The Last Voyage of the Demeter (2023)

Lastvoyageofthedemeter

**½/****
starring Dracula, Corey Hawkins, Aisling Franciosi, Liam Cunningham
screenplay by Bragi F. Schut and Zak Olkewicz
directed by André Øvredal

by Walter Chaw I like André Øvredal movies. I liked Trollhunter, and I loved Scary Stories to Tell in the Dark, along with most of The Autopsy of Jane Doe. They deliver exactly what they promise and do so with an at times striking sense of how to convey the poetry of the beginning of things. His movies feel like mythology, in a few cases are mythology. And like mythologies, they’re earnest, direct, and deceptively simple in narrative but rich with subtext. He makes sense for a Dracula prequel–not a Vlad the Impaler creation story, but a picture extrapolated from the “Captain’s Log” portion of the Bram Stoker novel that details, in just under 2000 words of the seventh chapter, the fate of the doomed freighter tasked with bringing Dracula’s stuff over from Transylvania to England, whose crew became provisions for the grand fiend en route. Murnau’s Nosferatu covered the voyage in a few swift, expressionistic strokes (coffin play, hilariously), allowing Øvredal’s The Last Voyage of the Demeter to expand on the circumstances while paying homage to that film’s character design. As played by Javier Botet, Øvredal’s Dracula is barely humanoid at all.

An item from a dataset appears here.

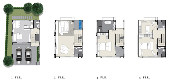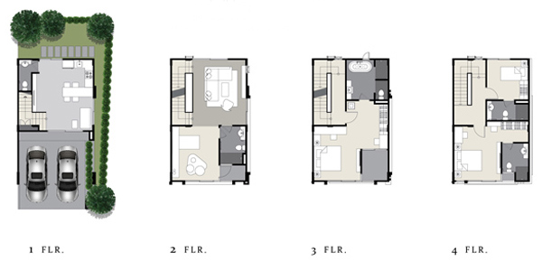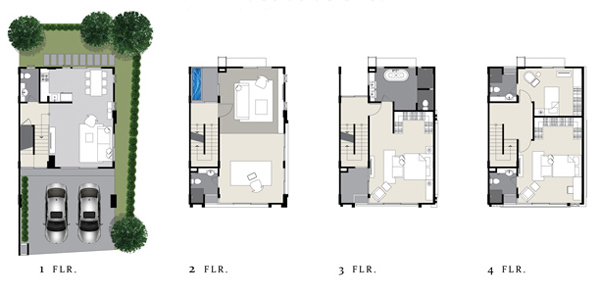 3. แบบ Denfert Villa - ทาวน์โฮม 4 ชั้น หน้ากว้าง 5.5 เมตร พื้นที่ใช้สอย 225 ตร.ม. ขนาด 3 ห้องนอน 5 ห้องน้ำ 1 ห้องรับแขก 1 ห้องนั่งเล่น 1 ห้องอเนกประสงค์ 1 ห้องครัว 1 ห้องรับประทานอาหาร ที่จอดรถ 2 คัน

The film opens on a Romanian dock as first officer Wojchek (David Dastmalchian) tries filling a few holes in the ship’s crew before setting sail. Captain Eliot (Liam Cunningham) promises a share of the bonus offered by a mysterious benefactor interested in the rapid delivery of his shipping containers, and so a collection of hands, including Cambridge-educated doctor Clemens (Corey Hawkins), throws in–some for the promise of wealth, others for the chance at a new beginning where, say, a Black man might be allowed to do what he was trained to do. Not long into the voyage, a stowaway named Anna (Aisling Franciosi) is found amongst the dirt of a broken crate, nearly dead from loss of blood but revived under the ministrations of Clemens. She warns that a fiend that has terrorized her village for generations is aboard the Demeter, though her warnings come too late to do anyone much good. Clemens and Anna are bound by more than the blood transfusion he gives her: a legacy of colonialism has cast them both in subservient positions beneath a hereditary ruling class. They are lower even than the merchant class to which the Captain and his mates belong. Not much more is made of this, although the fact they are being predated upon by royalty–a Count! (and a member, it goes without saying, of the land-owning gentry)–is by itself a little gristle on this well-gnawed bone.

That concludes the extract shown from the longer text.